Accurate identification of sludge contamination sources by classification-based PMF and machine learning with consideration of sewer network distribution differences

Sci Total Environ. 2024 Feb 1:910:168576. doi: 10.1016/j.scitotenv.2023.168576. Epub 2023 Nov 17.

Abstract

The application of source identification such as PMF for large-scale pollution source analysis frequently produces ambiguous outcomes. In this study, we utilized a classification-based method to accurately track key pollution sources in the sludge. In the study, we categorized the wastewater treatment plants into two groups: T1 and T2, according to the pipeline network. T1 sewage treatment plants are the main sewage plants in urban areas, covering a large area and connected to industrial wastewater treatment plants for secondary treatment.

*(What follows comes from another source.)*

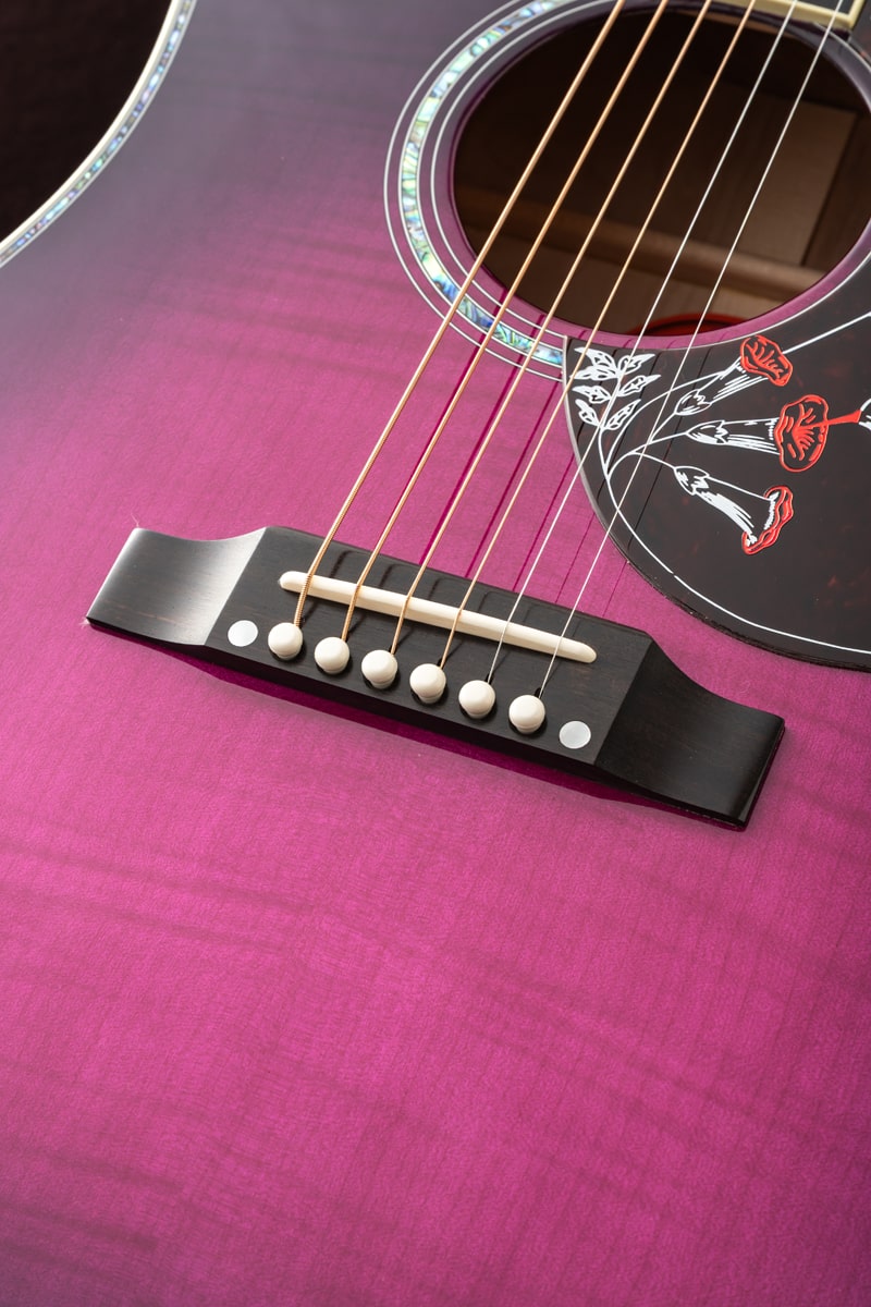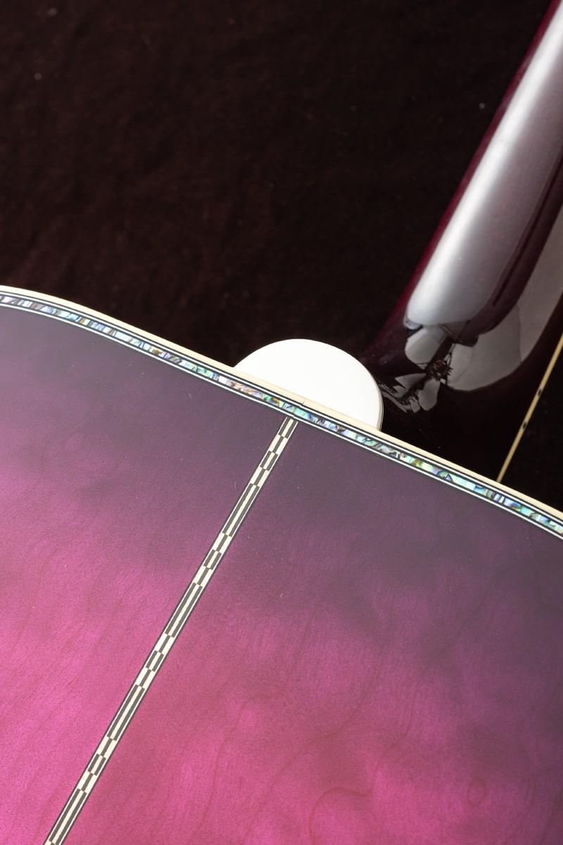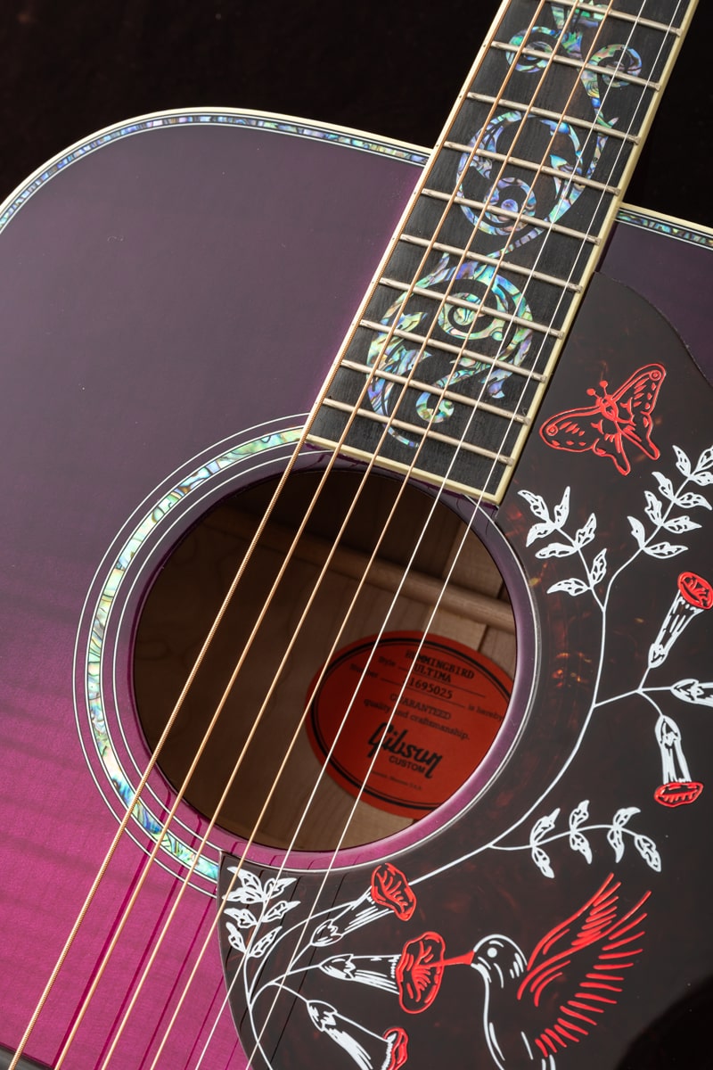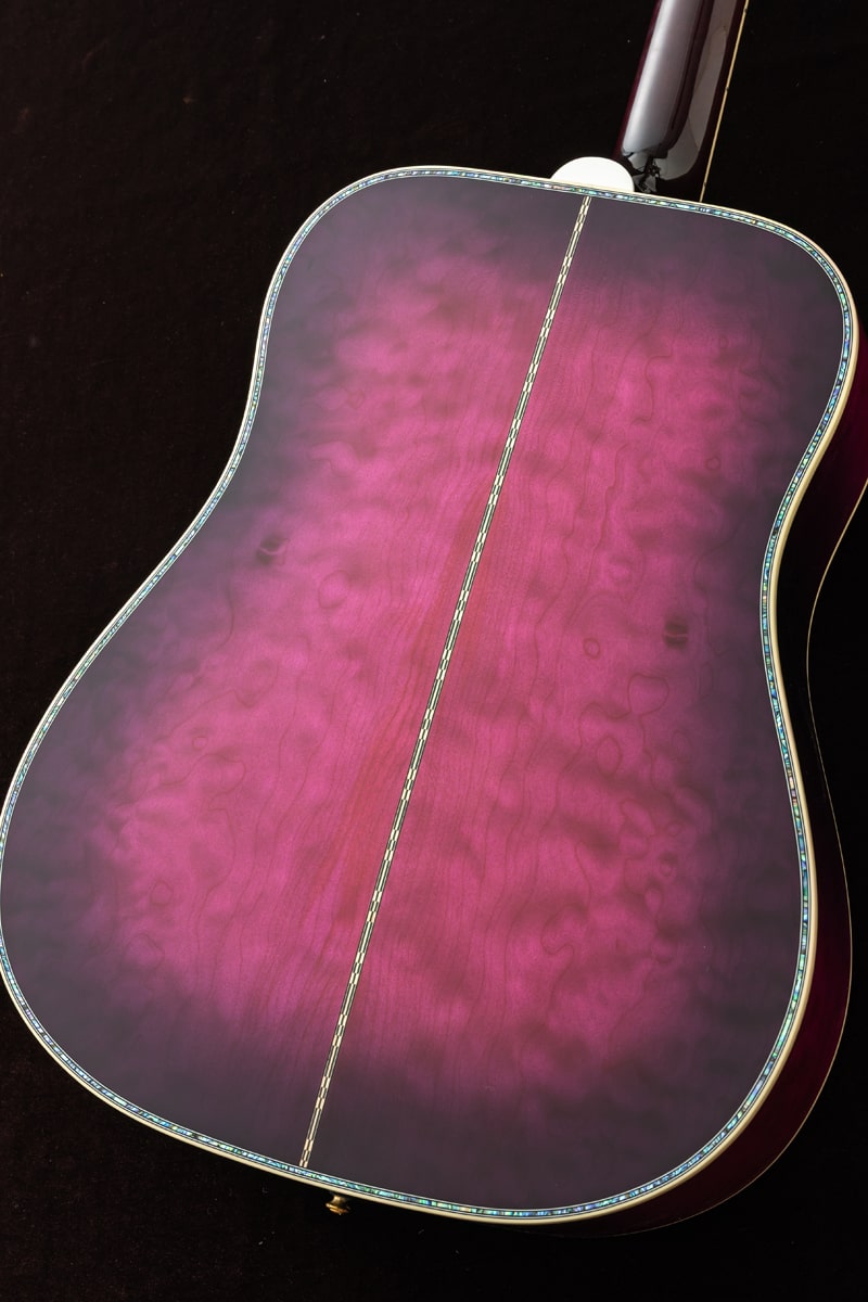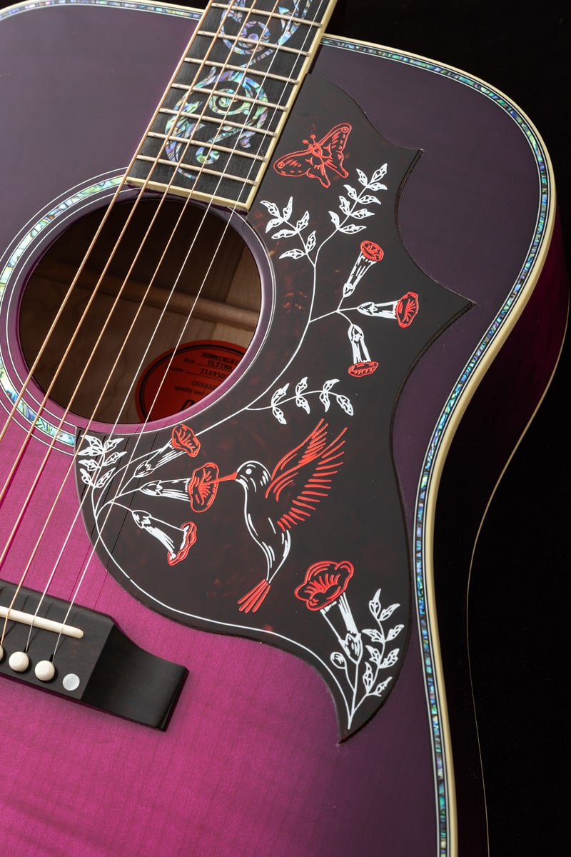 現地で出会った際に思わず心を奪われた、大変美しい1本です。究極のハミングバード、Hummingbird Ultimaを特別なMerlotカラーで仕上げています。パープルのグラデーションが極上メイプルの杢目をより一層引き立てております。トップに極上のフレイム・メイプル、サイドバックにキルト・メイプルを使用。厳選された二種のメイプルを組み合わせた、かつてない仕様です。一般的なハミングバードはローズウッド指板ですが、本器はエボニー指板を採用。ヘッドストックと指板にはゴージャスなAbalone Vine装飾が細やかに施されております。多層ボディバインディングにも惜しげもなくアバロンを配し、その輝きは只ならぬ風格を醸し出しております。
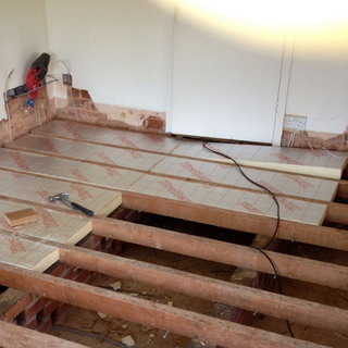 Если деревянный пол на лагах установлен без чернопола, то это следует исправить незамедлительно, так как, как бы вы не отапливали вашу квартиру, снизу будет вас все время окатывать холодным воздухом. Итак, осмотрим состояние лаг. Если вы заметите места гниения и грибковых наростов, то лагу желательно сменить, а если они незначительны, то соскоблите их рубанком или ножом. Далее по всему периметру лаг по нижней их части наносим обрешетку из реек 4Х4 см или 5Х5 см. После этого укладываем доски чернопола между лагами на прибитую обрешетку. Естественно, что для этого нам не нужен первоклассный древесный материал. Обрезки досок можно приобрести на лесопилках за гроши. Единственное требование, с них следует снять со кору, так как она является отличным жилищем для древесных червей, которые впоследствии нанесут урон всей вашей деревянной конструкции.

T2 sewage treatment plants are typically smaller in size and usually responsible for treating sewage in rural or township areas. The PMF analysis indicates that industrial pollution sources contribute 3.4 times more to T1 sludge than to T2 sludge, making industrial pollution the primary factor causing the disparity. The application of Random Forest and Adaboost based on pollutant concentrations for classification and fitting of sludge resulted in the identification of the main pollutants: Zn, Cu, Ni, and Cyanide, which align with characteristic pollutants from the electroplating industry. The GIS analysis shows a significant correlation between the distance of wastewater treatment plants with abnormal environmental risk and electroplating industrial parks, all within a 20 km radius. Indeed, when conducting large-scale pollution source identification studies, utilizing classification-based analysis can effectively improve the accuracy of pollution source identification, leading to more valuable analysis results.

Keywords: Contamination source; Heavy metal; Sewage network.